MT-ND1

Several mutations in the MT-ND1 gene are known to cause Leber hereditary optic neuropathy. Each of these mutations changes a single DNA building block (nucleotide) in the gene. One common MT-ND1 mutation is responsible for about 13 percent of all cases of Leber hereditary optic neuropathy. This mutation replaces the nucleotide guanine with the nucleotide adenine at gene position 3460 (written as G3460A). This change is associated with moderately severe cases of Leber hereditary optic neuropathy; however, 20 percent to 40 percent of people with vision loss due to this mutation experience some recovery of vision.

Researchers are investigating how mutations in the MT-ND1 gene lead to Leber hereditary optic neuropathy. These genetic changes appear to disrupt the normal activity of complex I in the mitochondrial inner membrane, which may affect the generation of ATP. MT-ND1 mutations also may increase the production within mitochondria of potentially harmful molecules called reactive oxygen species. It remains unclear, however, why the effects of these mutations are often limited to the nerve that relays visual information from the eye to the brain (the optic nerve). Additional genetic and environmental factors probably contribute to the vision loss and other medical problems associated with Leber hereditary optic neuropathy.

MT-ND1 mutations are a rare cause of mitochondrial encephalomyopathy, lactic acidosis, and stroke-like episodes (MELAS). Most cases of MELAS are caused by mutations in other mitochondrial genes, but a small number of cases resulting from mutations in the MT-ND1 gene have been reported. Fewer than five mutations, each of which alters a single DNA building block (nucleotide) in the gene, have been identified in affected individuals. These genetic changes reduce the activity of complex I, which disrupts energy production within mitochondria. Although these abnormalities have the greatest impact on tissues that require a lot of energy (such as the brain and muscles), researchers have not determined how changes in the MT-ND1 gene lead to the specific signs and symptoms of MELAS.

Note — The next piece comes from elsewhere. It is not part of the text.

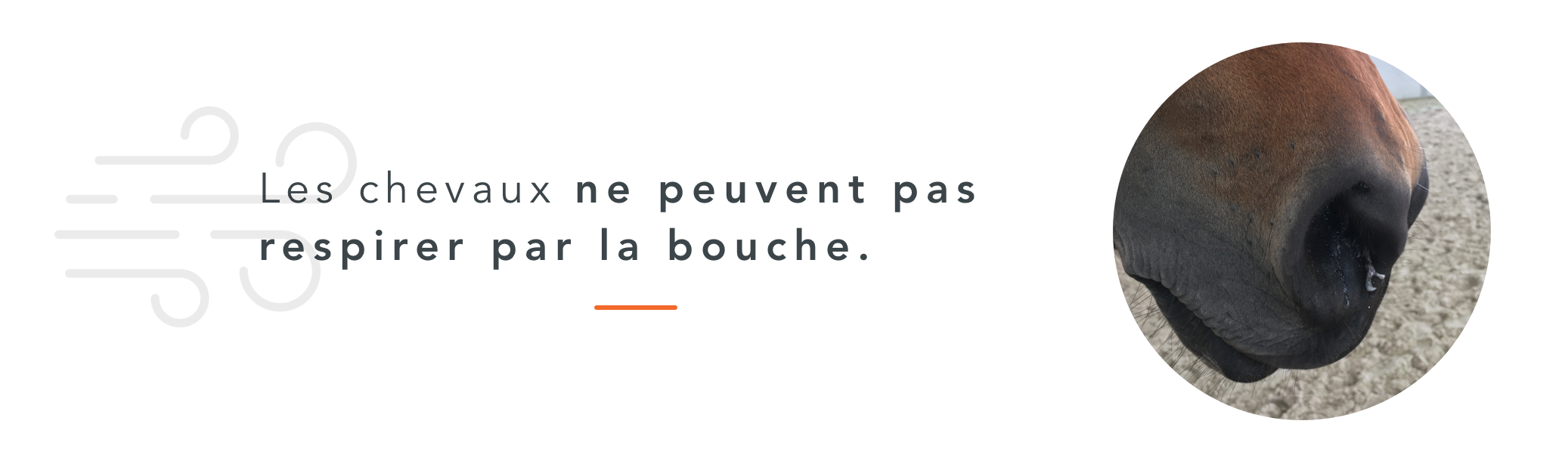 Les chevaux sont donc contraints de respirer par le nez ce qui est très limitant. En plus, leurs narines sont relativement petites et leurs “conduits respiratoires” sont assez fins. Ceci induit une grande résistance au moment de la respiration. Ils doivent donc “forcer” un peu plus que nous pour respirer.

MedlinePlus Genetics provides information about Leigh syndrome

MedlinePlus Genetics provides information about Mitochondrial complex I deficiency

A mutation in the MT-ND1 gene has been reported in a few cases of adult-onset dystonia. Dystonia is a movement disorder that involves involuntary tensing of the muscles (muscle contractions), tremors, and other uncontrolled movements. The MT-ND1 mutation associated with these rare cases replaces the nucleotide adenine with the nucleotide guanine at gene position 3796 (written as A3796G). Further studies are needed to determine whether this genetic change combines with other genetic and environmental factors to increase the risk of developing adult-onset dystonia.